**WHAT YOU WILL DO**
The data below contains pictures, which are to be skipped; the lines starting at the line with "AU-03-12 slot profile" and ending at the line with "Watermark Software - программа" are to be output exactly, both ends included.

Collection entries:
= = = =

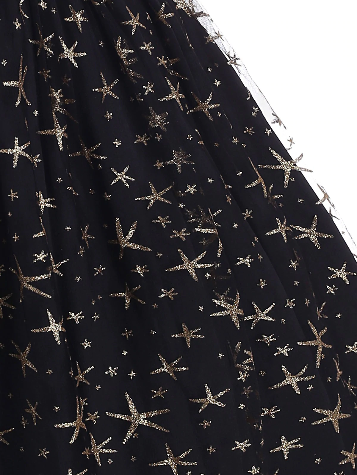 Sparkly stars scatter through the lace overlay and lace sleeves to make you outstanding in the crowd. The large bowknot is placed around the neckline to highlight your beautiful collarbones and draw the eye upward to your face.
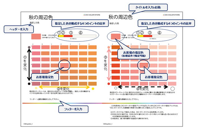 周辺色色見本は、お客様が指定された色を中心に配置し、指定した色を構成するインキの比率を変化させた2種類のカラーチャートです。
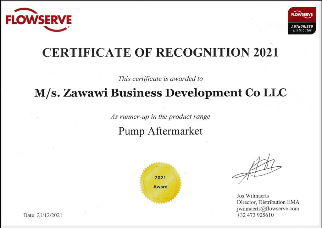 Runner up Award for best performing distributor for After market sales for the year by Flowserve – Pumps Division
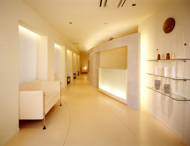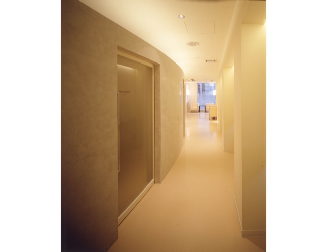 青山美肌/美容外科・皮膚科・美容形成外科/青山/ビルイン ■女性の肌をイメージしたソフトで安心の医療空間 美容・アンチエイジングを意識する女性層をターゲットにした医療空間、ビルインのテナントです。「美肌は安心の医療から」というテーマのもとに、女性の肌をイメージした柔らかく暖かみにあふれた空間デザインとしました。院長先生の治療のセンスや方針が空間やディテールにも反映される、というべく、美容施設に訪れる女性の、繊細な視点を意識したクラス感のある医療空間です。
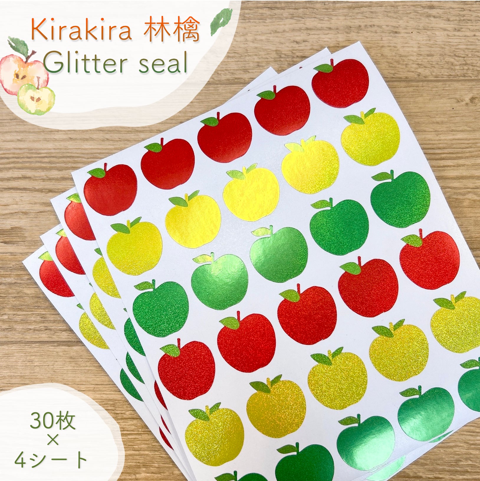 【内容】キラキラ林檎グリッターシール 30枚×4シート(合計120枚)
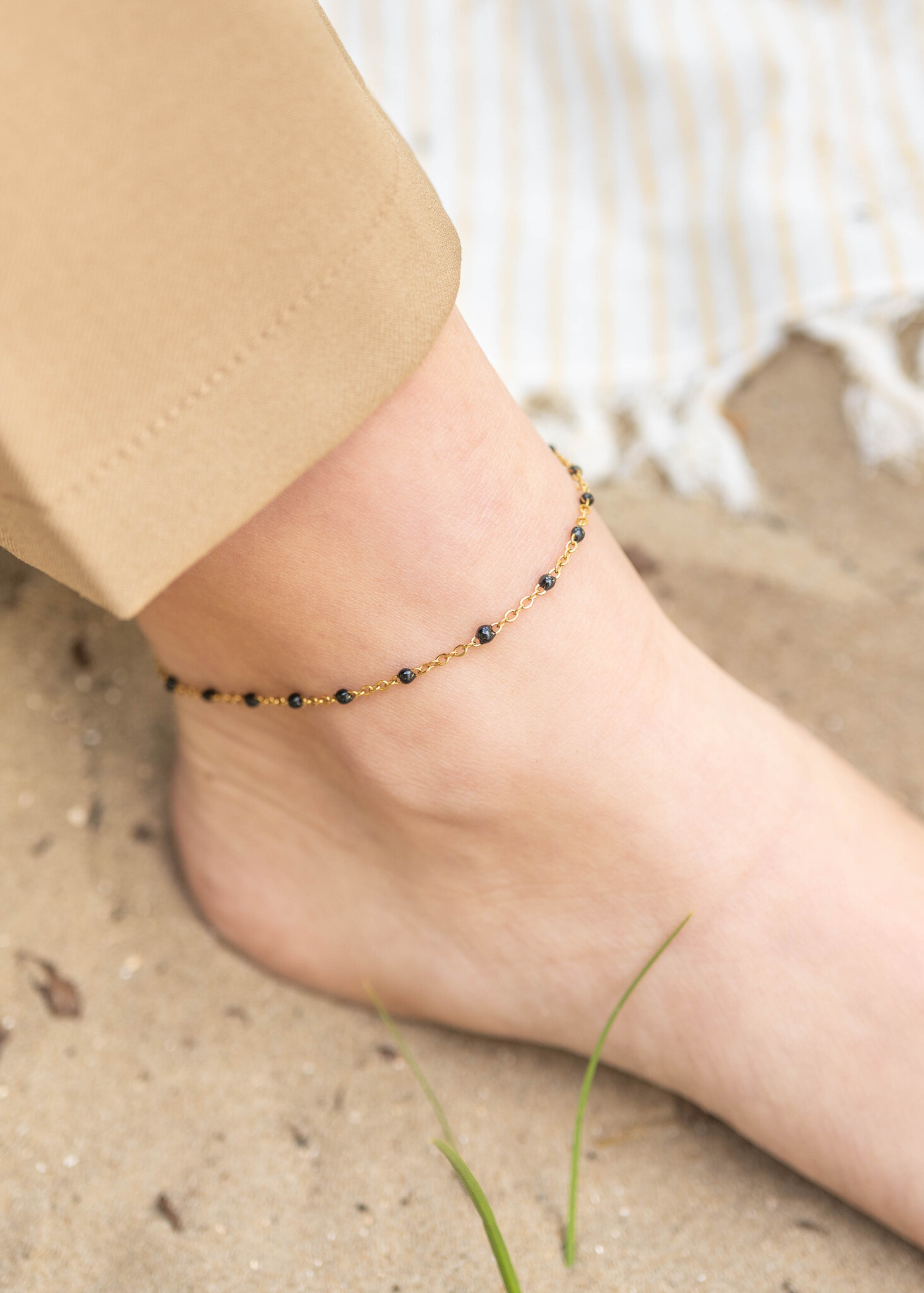 Deze delicate enkelband met zwarte kralen is de perfecte manier om je zomerse look af te maken!
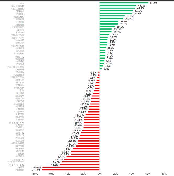 64只恒生指數(shù)成份股當中,26只在本年度上升,上漲率40.6%。李寧、舜宇光學科技和中國石油股份表現(xiàn)最好,今年分別上漲60.4%、45.4%和44.2%。阿里健康、海底撈全年累跌71.2%與70.4%,阿里巴巴全年累跌逾48.8%,成為表現(xiàn)最差的3只成分股。
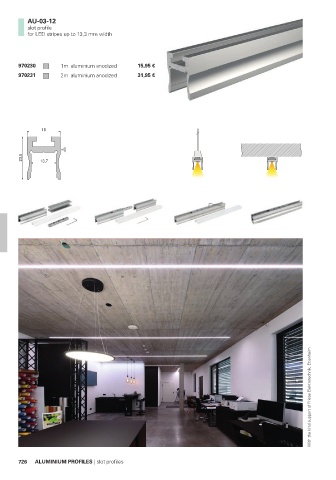 AU-03-12 slot profile for LED stripes up to 13,3 mm width 970230 1m aluminium anodized 15,95 € 970231 2m aluminium anodized 31,95 € 18 3 23,5 13,7 With the kind support of Friese Elektrotechnik, Ettenheim 726 ALUMINIUM PROFILES | slot profiles
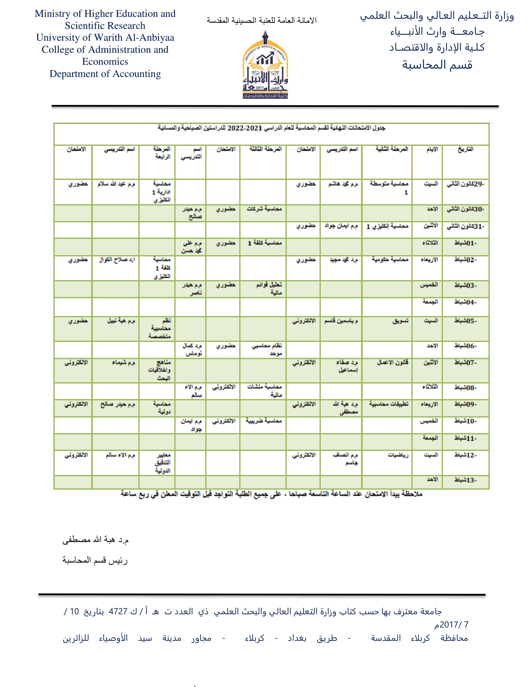 جدول الامتحانات النهائية لقسم المحاسبة للعام الدراسي 2021-2022 للدراستين الصباحية والمسائية
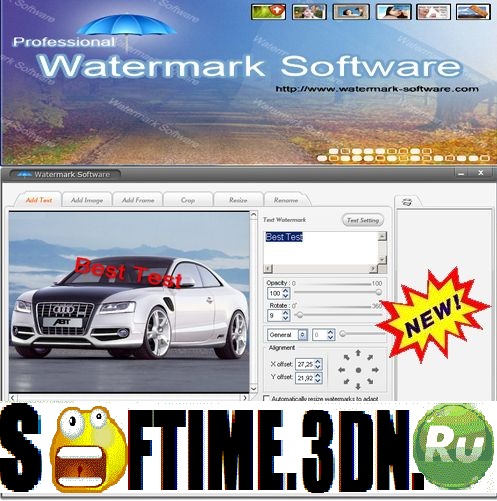 Watermark Software - программа для наложения водяных знаков на ваши изображения. Программа поможет вам добавлять текст, графику и логотипы на ваши картинки для защиты ваших авторских прав. Кроме нанесения водяных знаков, данная программа позволит вам добавлять привлекательные рамки к вашим фотографиям, обрезать фотографии, переименовывать несколько файлов в пакетном режиме, изменять размер изображений и многое другое. Данная утилита обладает быстрой обработкой фотографий и имеет поддержку всех популярных графических форматов. Программа имеет приятный и легкий в использовании пользовательский интерфейс. Возможности программы: |
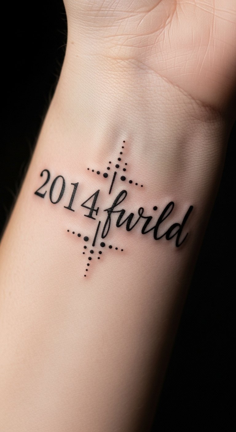 Place on the inner wrist or along the ribcage for intimate visibility; the year anchors memory while the word conveys emotion, the contrast of serif numerals and hand-lettered script balancing formality and personal expression, with dotwork accents adding subtle texture and a timeless, understated elegance.
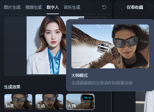 第三步,创作数字人视频 我们进去“数字人”的栏目,点击“对口型”,进入创作。 角色,我们直接用刚才的美女图片; 在生成效果上,我们就选择【大师】,能生成逼真的全身动态视频 然后选择文本朗读,或者上场本地配音。这里我们复制一段文案,也可以用DeepSeek写。朗读的音色,按照你的角色选择。
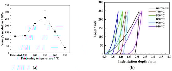 In the indentation analysis, Figure 8 shows Young’s modulus (E) and indentation depth curves of samples with different processing temperatures. The loading time, holding time, and unloading time of the indentation tester are all 5 s. The E characterized the ability of materials to resist elastic deformation. The indentation modulus of pure titanium was about 122 GPa. The indentation modulus of samples after processing was higher than the untreated sample, but when the processing temperature was higher, the value was lower than the untreated sample. From Figure 8, when the processing temperatures increased, E increased first and then decreased gradually. The modulus of elasticity can be regarded as an index to measure the difficulty of elastic deformation of the material. The larger the value, the greater the stress that causes the material to undergo a certain elastic deformation. The greater the material stiffness, the elasticity occurs under certain stress, the smaller the elastic deformation. Based on this, when the processing temperature is 850 °C, the E reaches its maximum value in this paper. This result is also mentioned in Ref. []. It means that the stiffness is the largest and the elastic deformation is the smallest in the design processing temperature []. In addition, the H also increased first and then decreased, as shown in Figure 5. When the processing temperature is 850 °C, E reaches the maximum value, but the error fluctuation range is relatively large at this processing temperature. This is due to a large amount of carbon fiber on the surface, which affects the measurement results.
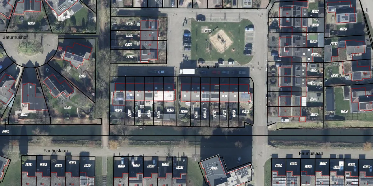 Het perceel waarop Junoplein 13 staat heeft een oppervlakte van 198 m². Dit is een middelgroot perceel. De perceeloppervlakte wordt geregistreerd door het Kadaster. Gedetailleerde informatie over de maten van dit perceel kunt u vinden in het rapport Kadastrale kaart met maatvoering van Junoplein 13.
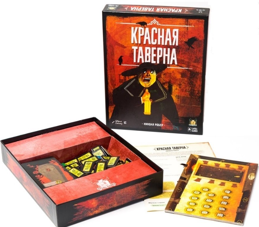 Ця карткова гра Ніколя Робера з дуже стильними ілюстраціями та великою часткою чорного гумору запрошує 1-4 гравців стати господарями того самого Червоного готелю! У коробці ви знайде 78 карт відвідувачів різних професій, рівнів, здібностей і розміру гаманця. Причому ці карти багатофункціональні: когось можна пограбувати та поховати, хтось допоможе побудувати затишне містечко для темних справ, а чиюсь лояльність доведеться купити за пару франків. У вас буде список можливих дій, з яких потрібно виконати тільки 2, звичайно ж не безкоштовно — витративши або гроші, або самі карти. Причому в настільній грі «Червона таверна (Красная таверна)» не можна тримати на руках 40 франків (мабуть, це небезпечно в даних обставинах), а непоховані трупи можуть призвести до арешту. Тому вам доведеться витратитися на послуги тіньового бухгалтера або понаднормові для могильника, а це потребує грошей та дій.
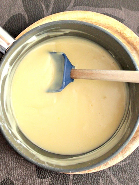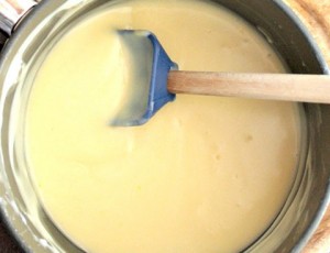 - Kada mlijeko zavrije sipajte smjesu od žumanjaka u mlijeko i stalno miješajte.
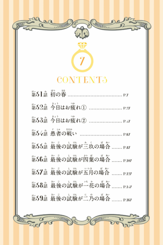 「落第寸前」「勉強嫌い」の美少女五つ子を、アルバイト家庭教師として「卒業」まで導くことになった風太郎。トラブル続きだった期末試験。自身の力不足を理由に、風太郎は家庭教師を退任しようと決意する。しかし、家を出てまで教えを乞う五つ子たちの覚悟を目の当たりにし、家庭教師を継続することに。次こそは「全教科赤点回避」!風太郎と中野家五つ子の楽しい一年が幕を開ける──!!
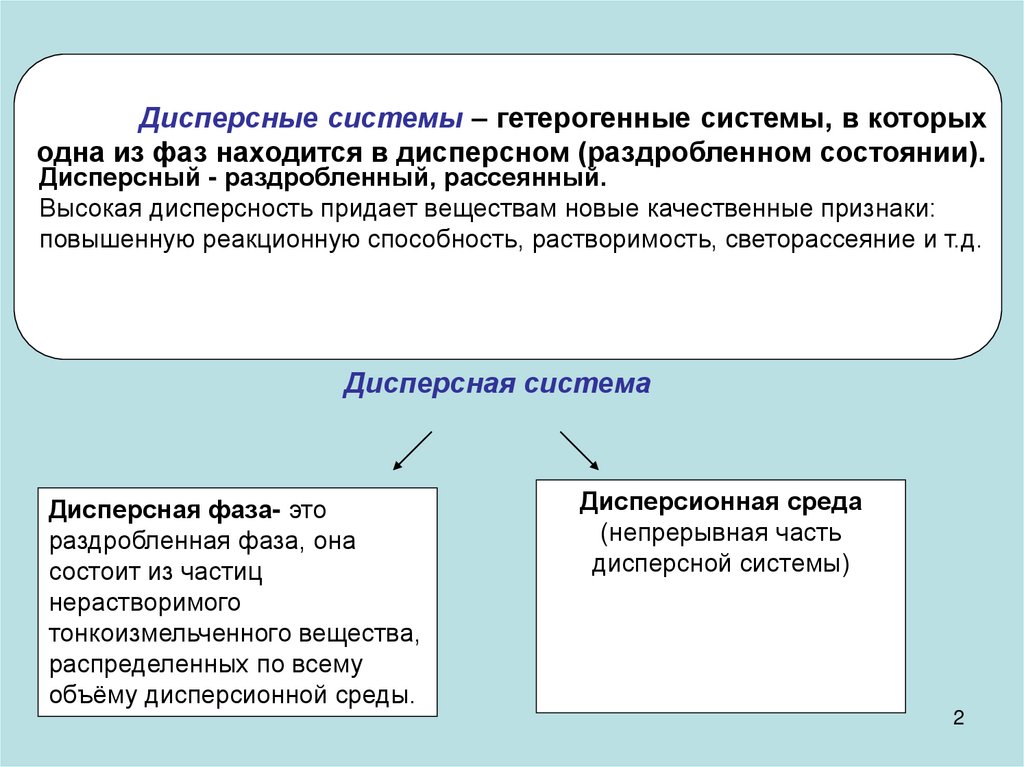 2. Дисперсность (раздробленность).
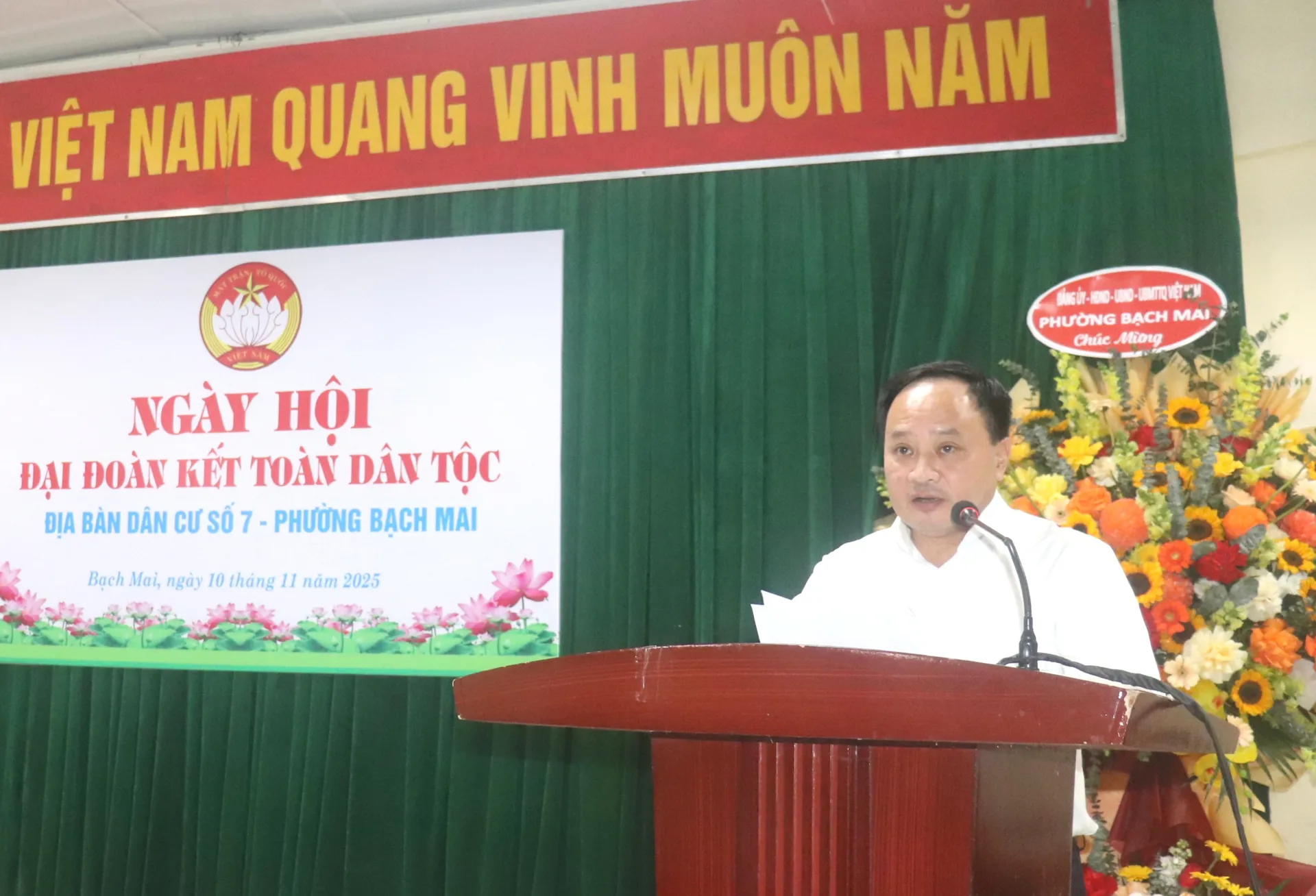 Thay mặt lãnh đạo phường phát biểu tại Ngày hội, Bí thư Đảng ủy, Chủ tịch HĐND phường Bạch Mai Trần Quyết Thắng biểu dương kết quả đạt được năm 2025 của địa bàn trong thực hiện Cuộc vận động “Toàn dân đoàn kết xây dựng nông thôn mới, đô thị văn minh”, góp phần xây dựng cộng đồng dân cư ngày một phát triển.
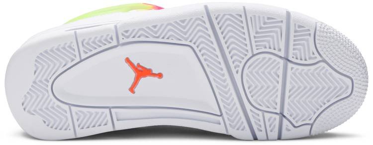 Air Jordan 4 Retro GS ‘Lemon Venom’ updates Tinker Hatfield’s 1989 design with candy-bright accents. The white leather upper is treated to increased ventilation . thanks to open quarter panels covered in pink netting. The same vibrant hue is repeated on the molded eyelets and heel tab . embellished with Jumpman branding. Contrasting pops of Lemon Venom land on the semi-translucent wings . forefoot overlay and tongue tag.

= = = =

**SOLUTION FOR THIS PROBLEM**
 AU-03-12 slot profile for LED stripes up to 13,3 mm width 970230 1m aluminium anodized 15,95 € 970231 2m aluminium anodized 31,95 € 18 3 23,5 13,7 With the kind support of Friese Elektrotechnik, Ettenheim 726 ALUMINIUM PROFILES | slot profiles
 جدول الامتحانات النهائية لقسم المحاسبة للعام الدراسي 2021-2022 للدراستين الصباحية والمسائية
 Watermark Software - программа для наложения водяных знаков на ваши изображения. Программа поможет вам добавлять текст, графику и логотипы на ваши картинки для защиты ваших авторских прав. Кроме нанесения водяных знаков, данная программа позволит вам добавлять привлекательные рамки к вашим фотографиям, обрезать фотографии, переименовывать несколько файлов в пакетном режиме, изменять размер изображений и многое другое. Данная утилита обладает быстрой обработкой фотографий и имеет поддержку всех популярных графических форматов. Программа имеет приятный и легкий в использовании пользовательский интерфейс. Возможности программы: |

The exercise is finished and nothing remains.